Saved data entries
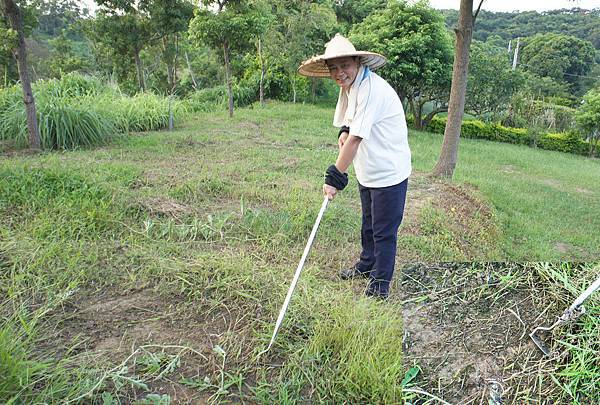 到國光花市農具店找刮草刀,不但有小蘇介紹之花生田用短刃鋒利鋤,還有各種寬窄.厚薄.長短柄刮草刀,選擇了包心菜園用刮草刀,三角形是為可伸入包心菜下方,刃口利輕便長柄正符合刮割瓜藤蔓下雜草,迫不及待入園先試寶刀,能夠伸入瓜藤下方刮草,也可以吃入地表土下切斷草根莖,但是還不夠鋒利,必須非常用力,小暑節氣36℃大熱天作幾分鐘就喘噓噓。
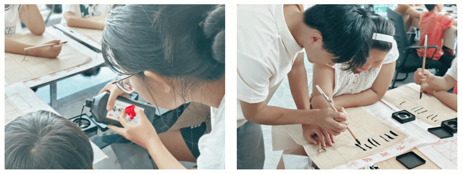 午后阳光正好,书法课接续而来。上节课习得 “一横” 韵味,这节“王彬至老师”手把手教 “一竖” 奥秘。从握笔姿势到起承转折,从把控笔力到领会神韵,孩子们专注练习,一横一竖间,慢慢掌握毛笔精髓,传统文化的魅力,在墨香与笔触中肆意流淌,书写功底与文化感知同步进阶。
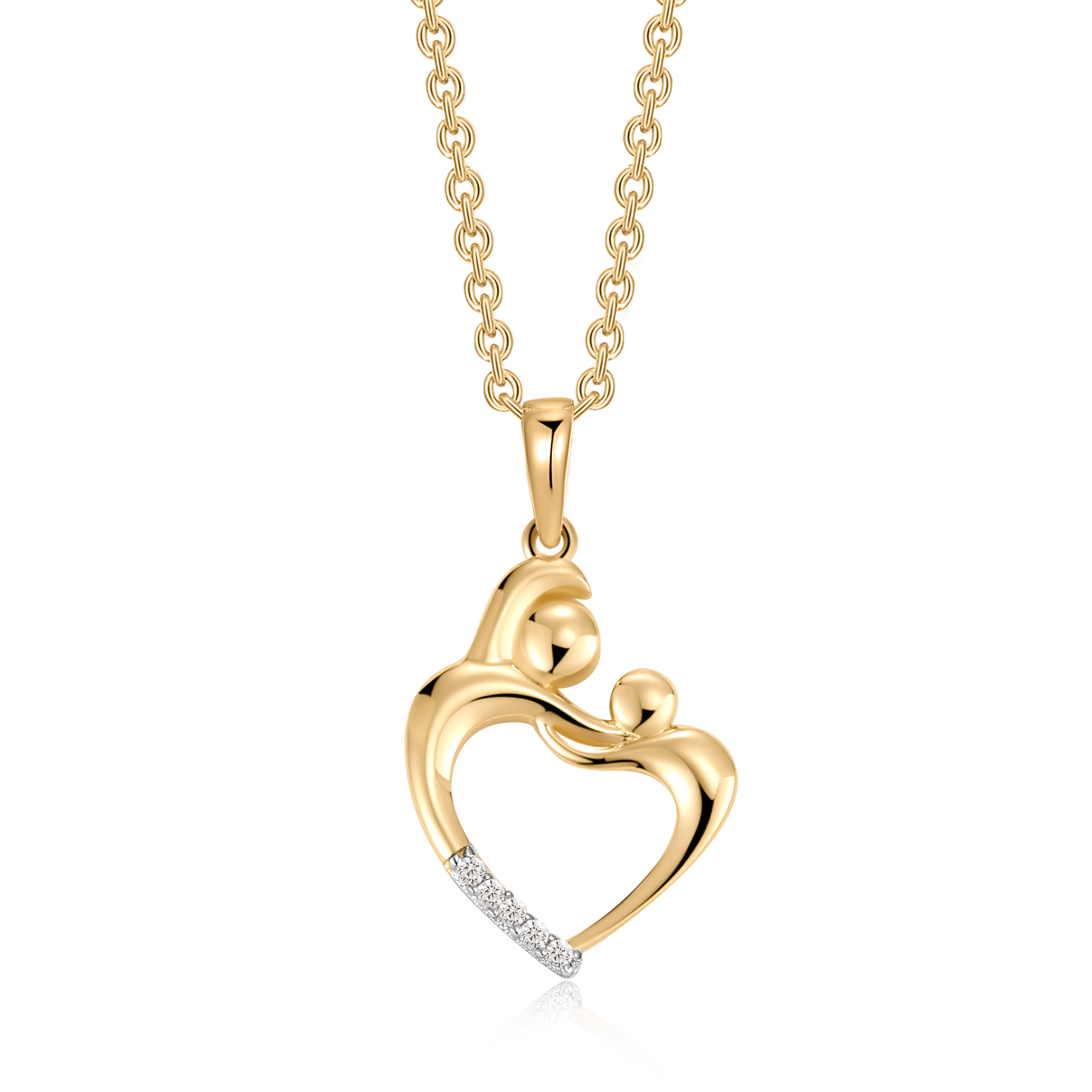 Smuk 14 kt. guld halskæde med et hjertevedhæng, der forestiller “mor og barn” og er pyntet med funklende syntetiske cubic zirconia. Det unikke og kærlige design symboliserer nært forhold og omsorg, hvilket gør halskæden til et perfekt smykke til hverdag eller særlige lejligheder. En meningsfuld gave til en mor, bedstemor eller en du holder af.
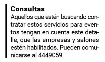 También explicó que aquellos que estén buscando contratar estos servicios para eventos tengan en cuenta este detalle, que las empresas y salones estén habilitados. Borsini proporcionó un número telefónico “donde pueden comunicarse para expresar sus dudas y quejas, es el 4449059, nosotros intentaremos dar respuesta lo antes posible”, cerró.
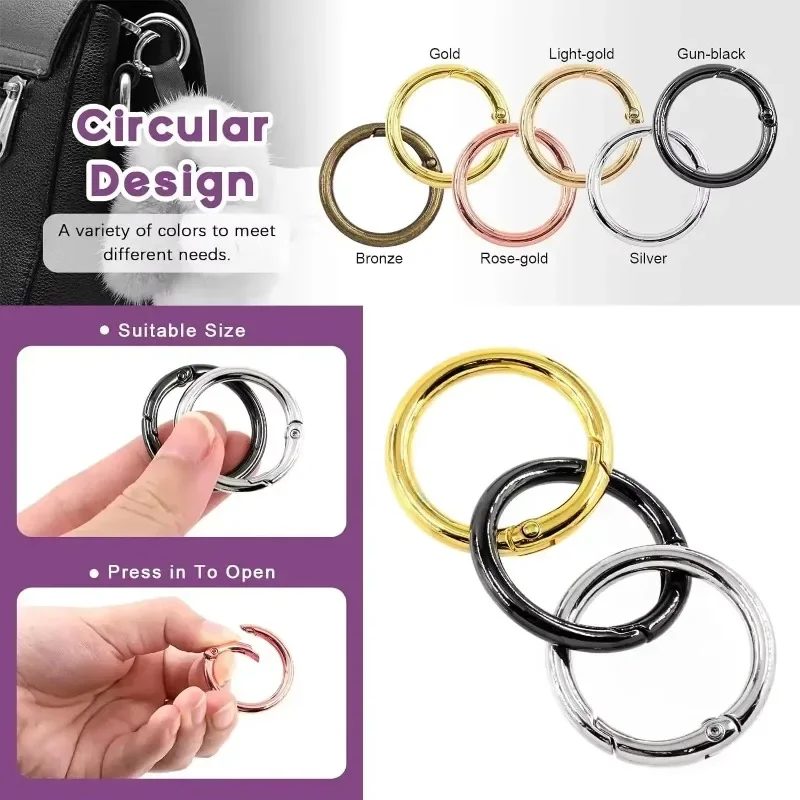 These Metal O Ring Spring Clasps are perfect for various DIY jewelry projects, keychains, and bag accessories. Available in multiple sizes, they are designed for easy use and versatility in crafting. Choose from different quantities to suit your needs.
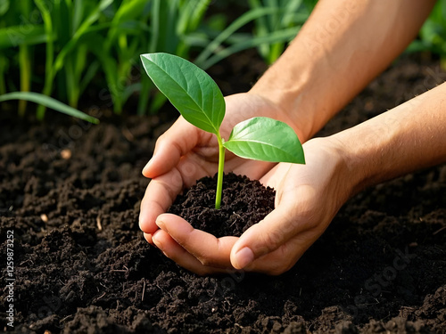 planting day world logo symbol. Two hands nurturing a small sapling in soil, symbolizing growth, care, and environmental conservation. Suitable for sustainability, nature, and growth concepts.

| Action item |
Drop every picture and repeat the rest of the entries exactly.

| Problem solution |
 到國光花市農具店找刮草刀,不但有小蘇介紹之花生田用短刃鋒利鋤,還有各種寬窄.厚薄.長短柄刮草刀,選擇了包心菜園用刮草刀,三角形是為可伸入包心菜下方,刃口利輕便長柄正符合刮割瓜藤蔓下雜草,迫不及待入園先試寶刀,能夠伸入瓜藤下方刮草,也可以吃入地表土下切斷草根莖,但是還不夠鋒利,必須非常用力,小暑節氣36℃大熱天作幾分鐘就喘噓噓。
 午后阳光正好,书法课接续而来。上节课习得 “一横” 韵味,这节“王彬至老师”手把手教 “一竖” 奥秘。从握笔姿势到起承转折,从把控笔力到领会神韵,孩子们专注练习,一横一竖间,慢慢掌握毛笔精髓,传统文化的魅力,在墨香与笔触中肆意流淌,书写功底与文化感知同步进阶。
 Smuk 14 kt. guld halskæde med et hjertevedhæng, der forestiller “mor og barn” og er pyntet med funklende syntetiske cubic zirconia. Det unikke og kærlige design symboliserer nært forhold og omsorg, hvilket gør halskæden til et perfekt smykke til hverdag eller særlige lejligheder. En meningsfuld gave til en mor, bedstemor eller en du holder af.
 También explicó que aquellos que estén buscando contratar estos servicios para eventos tengan en cuenta este detalle, que las empresas y salones estén habilitados. Borsini proporcionó un número telefónico “donde pueden comunicarse para expresar sus dudas y quejas, es el 4449059, nosotros intentaremos dar respuesta lo antes posible”, cerró.
 These Metal O Ring Spring Clasps are perfect for various DIY jewelry projects, keychains, and bag accessories. Available in multiple sizes, they are designed for easy use and versatility in crafting. Choose from different quantities to suit your needs.
 planting day world logo symbol. Two hands nurturing a small sapling in soil, symbolizing growth, care, and environmental conservation. Suitable for sustainability, nature, and growth concepts.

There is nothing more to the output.